Recognizing Human Rights Violations in Brazil
Signed into law in November 2011, the Truth Commission was approved by the Brazilian congress to address the human rights violations that occurred during the country’s military dictatorship. The Brazilian president is expected to name the commission’s seven members this month, and they will have two years to investigate and disclose information about the abuses committed during the period from 1946 to 1988. Although the Commission will enable Brazil to officially confront past abuses, a 1979 Amnesty Law prevents the gathered information from being used to prosecute perpetrators of the crimes. Nevertheless, many hope that the Truth Commission’s investigations will inspire the public will necessary to bring about an end to the impunity.
The Truth Commission’s investigations will focus on events that occurred during the Dirty War, a period of state-officiated repression of left-wing activists, students, journalists, trade unionists and others in Argentina and in cooperation with other dictatorships in the region. Even though some countries, such as Argentina and Chile, experienced more deaths, disappearances, and tortures during the Dirty War, military rule lasted longer in Brazil—from 1964 to 1985—than in any other South American country. The two-decades-long authoritarian regime began when the Brazilian Armed Forces usurped power from the left-leaning, democratically elected president João Goulart in a coup d’état. The military government greatly restricted political freedoms, such as freedom of speech, and targeted individuals who espoused opposing political ideology.

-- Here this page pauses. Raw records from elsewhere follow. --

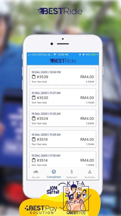 Additionally, this apps also help Bestride Riders to track down all the jobs and settlement for rider preferences. For those who interested to be our Bestride's Rider, please register at https://bestride.my/rider
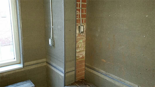 Cement boards, which are water tolerant, removable and washable, are used on the lower portion of our inside walls.
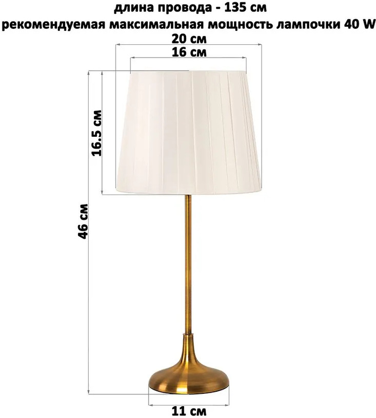 Elan Gallery Лампа настольнаяВ данный момент этот товар отсутствует в продаже. Возможно, у нас найдется аналогичный или похожий товар здесь. Настольная лампа с абажуром оттенка слоновой кости от Elan Gallery — это не только дополнительный источник света, но и стильное украшение интерьера спальни или гостиной. Основание золотого цвета выполнено из металла. Диаметр нижней части подставки 11 см. Размеры абажура: диаметр по верху 16 см, диаметр по низу 20 см, высота 16,5 см. Рекомендуется использовать лампочку мощностью не более 40 W (в комплект не входит). Работает от сети, необходимо наличие розетки. Длина провода 135 см. Благодаря стильному дизайну добавит элегантности вашему интерьеру! Декоративный светильник поможет создать уютную атмосферу в комнате или на кухне. Он подходит для использования в качестве ночника, а также прикроватного светильника. Станет отличным предметом декора для вашего комода или журнального столика. Прекрасно впишется в интерьер детской комнаты, создавая уютную атмосферу для школьника. Можно поставить на туалетный столик возле кровати для спокойного чтения книг перед сном. На даче небольшой ночной светильник поможет создать приятную атмосферу на террасе или в доме. Поставьте красивую лампу на стол или тумбочку, чтобы организовать дополнительную подсветку в любом пространстве. Фигурная настольная лампа станет приятным подарком на любой праздник как взрослым, так и детям. |
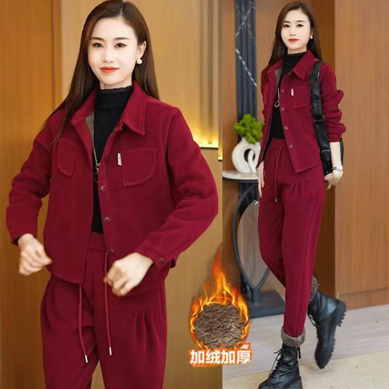 冬のベルベット保温ファッションスーツ女性の新しい母親は年齢を減らすコーデュロイのコートを着て高級な2セットを厚くした
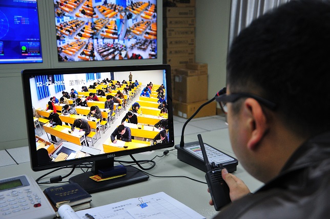 为杜绝考试舞弊行为,学校使用了金属探测器、屏蔽仪等高科技手段,并与无线电管理部门联系,出动2台无线电监测车,杜绝考生在考点内违规携带或使用通讯、存储、摄影摄像等电子工具,同时学校启用了高清摄像头,对每个考场进行实时监控。
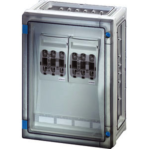3polig 125 A, 2 x NH 00C Gehäuse mit Tür für den Bau von Installationsverteilern bis 250 A für die Bedienung durch Laien nach IEC 61439-3. Offene Gehäusewände für die Kombination oder als Einzelgehäuse mit Verschlussplatten. Aus hochwertigem Polycarbonat, schutzisoliert. Schnelle Gehäuseverbindung durch Steckverbinder und integrierte Dichtungen. Große Wanddurchführungen für die elektrische Verbindung der Gehäuse untereinander. Kabeleinführung über Flansche. Wandbefestigung direkt am Gehäuse, über Außenlaschen oder mit Montageschienen. Gehäuse mit Sicherungslasttrennschaltern NH 00C, 3-polig, nach IEC 60947-3 auf Montageplatte. Mit Zuleitungsklemmen, PE- und N-Klemmen. Mit Brücke zur Aufteilung der Zuleitung. Anschlussraum veränderbar. Mit transparenter Tür und Türverschluss mit Werkzeugbetätigung.

Retired members of the military, many of whom do not wish to revisit the past, have mounted considerable protests to the law establishing the Truth Commission. While the dissenting voices of retired military personnel cannot be easily ignored, especially considering the politicization of the armed forces in the country’s recent history, President Dilma Rousseff has remained steadfast in her support of the Truth Commission. Perhaps the female president’s decision is colored by the fact that she was once a left-wing activist who was imprisoned and tortured by military forces.
As Jews, victims and survivors of some of the most atrocious human rights violations, and as members of the international community that vowed “never again” after the Holocaust, we will follow the events in Brazil as the government and citizens attempt to come to terms with their violent past and send the message that “simply forgetting is not a viable way of dealing with past human rights violations.”